If updating last_seen
on every message is too costly, an alternative to
using the touch_presence
decorator is to manually call
Presence.objects.touch
whenever desired. For example, this updates
last_seen
only when the literal message "heartbeat"
is received:
from channels.generic.websocket import WebsocketConsumer
from channels_presence.models import Presence
class MyConsumer(WebsocketConsumer):
def receive(self, text_data=None, bytes_data=None):
...
if text_data == '"heartbeat"':
Presence.objects.touch(self.channel_name)

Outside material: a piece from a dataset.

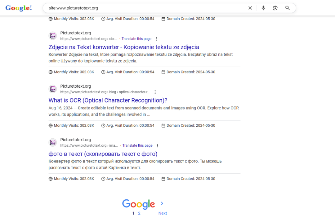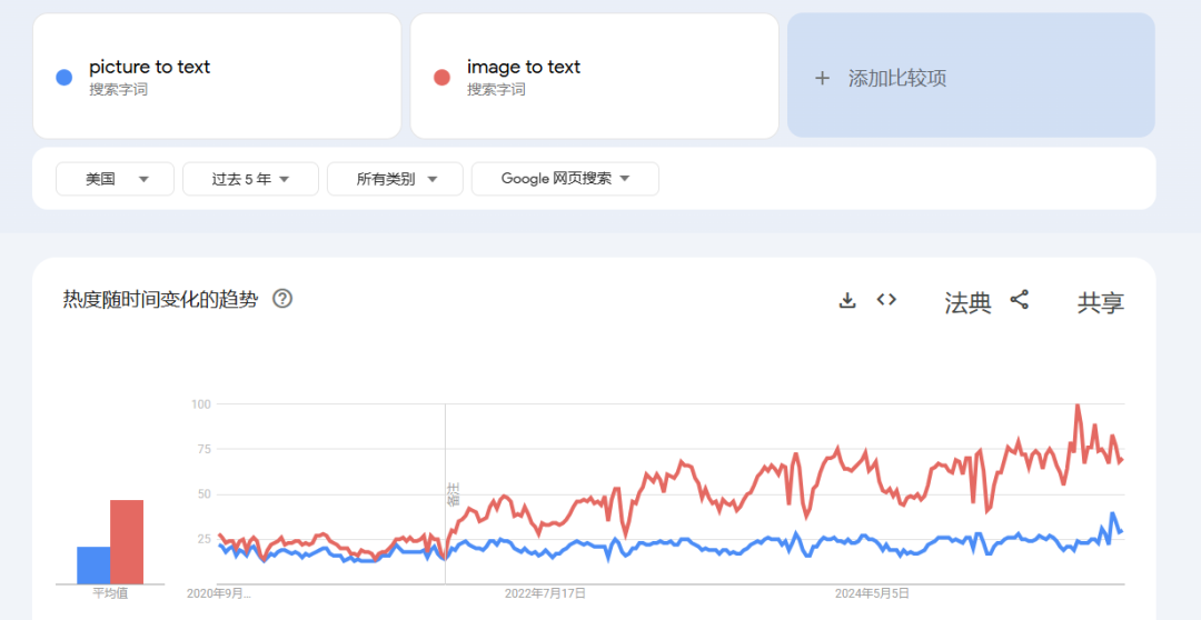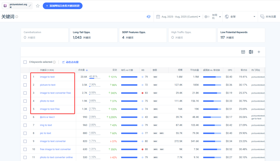 查了一下image to text 和 picture to text的搜索量,一直是image to text搜索量高一些,而且它的域名是picturetotext.org, 盲猜是有可能刚开始做的时候想做稍微简单的 picture to text这个关键词, 首页的TITLE是Picture to Text - Image to Text Converter, 但是没想到误打误撞拿到了搜索量更高的image to text的排名。

To ensure that an active connection is not marked as stale, clients should
occasionally send "heartbeat"
messages:
// client.js
setInterval(function() {
socket.send(JSON.stringify("heartbeat"));
}, 30000);
The frequency should be adjusted to occur before the maximum age for
last-seen presence, set with settings.CHANNELS_PRESENCE_MAX_AGE
(default 60
seconds).
4. Pruning stale connections¶
In order to remove connections whose timestamps have expired, we need to
periodically launch a cleaning task. This can be accomplished with
Room.objects.prune_presences()
. For convenience, this is implemented as a
celery task which can be called with celery beat:
channels_presence.tasks.prune_presences
. The management command
./manage.py prune_presences
is also available for calling from cron.
A second maintenance command, Room.objects.prune_rooms()
, removes any Room
models that have no connections. This is also available as the celery task
channels_presence.tasks.prune_rooms
and management command
./manage.py prune_rooms
.
See the documentation for periodic tasks in celery details on configuring celery beat with Django. Here is one example:
# settings.py
CELERYBEAT_SCHEDULE = {
'prune-presence': {
'task': 'channels_presence.tasks.prune_presences',
'schedule': timedelta(seconds=60)
},
'prune-rooms': {
'task': 'channels_presence.tasks.prune_rooms',
'schedule': timedelta(seconds=600)
}
}
5. Listening for changes in presence¶
Use the channels_presence.signals.presence_changed
signal to be notified when
a user is added or removed from a Room. This is a useful place to define logic
to update other connected clients with the list of present users. See the
API reference for presence_changed for an example.